## Action item
Repeat the listing exactly, line by line, and leave the pictures behind.

## Provided data
┄┄┄┄┄┄┄┄┄┄┄┄┄┄┄┄┄┄┄┄

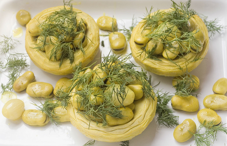 Fresh artichoke hearts are poached in olive oil and lemon juice before being served with broad beans, almonds, and dill.
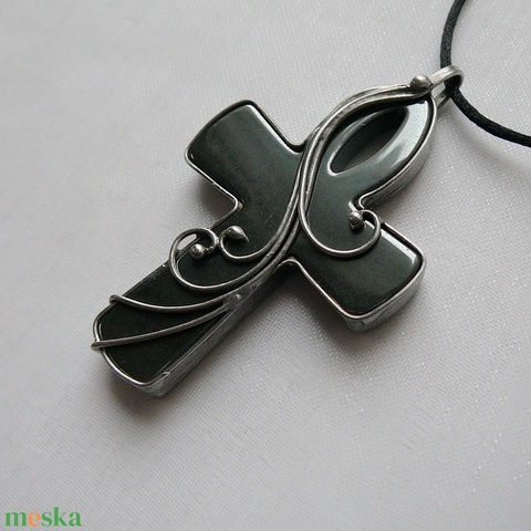 A medál Tiffany technikával készült hematit és ólommentes, ezüsttartalmú ón felhasználásával. A díszítés szintén saját készítésű, nem tartalmaz gyári elemeket. A fémrészt lekezeltem antioxidánssal és lelakkoztam, hogy sokáig szép maradjon.
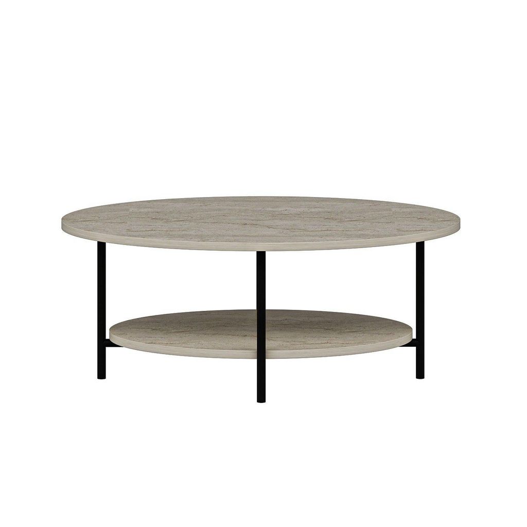 Table basse 1 étagère effet travertin - Beige et noir

┄┄┄┄┄┄┄┄┄┄┄┄┄┄┄┄┄┄┄┄

## Output
 Fresh artichoke hearts are poached in olive oil and lemon juice before being served with broad beans, almonds, and dill.
 A medál Tiffany technikával készült hematit és ólommentes, ezüsttartalmú ón felhasználásával. A díszítés szintén saját készítésű, nem tartalmaz gyári elemeket. A fémrészt lekezeltem antioxidánssal és lelakkoztam, hogy sokáig szép maradjon.
 Table basse 1 étagère effet travertin - Beige et noir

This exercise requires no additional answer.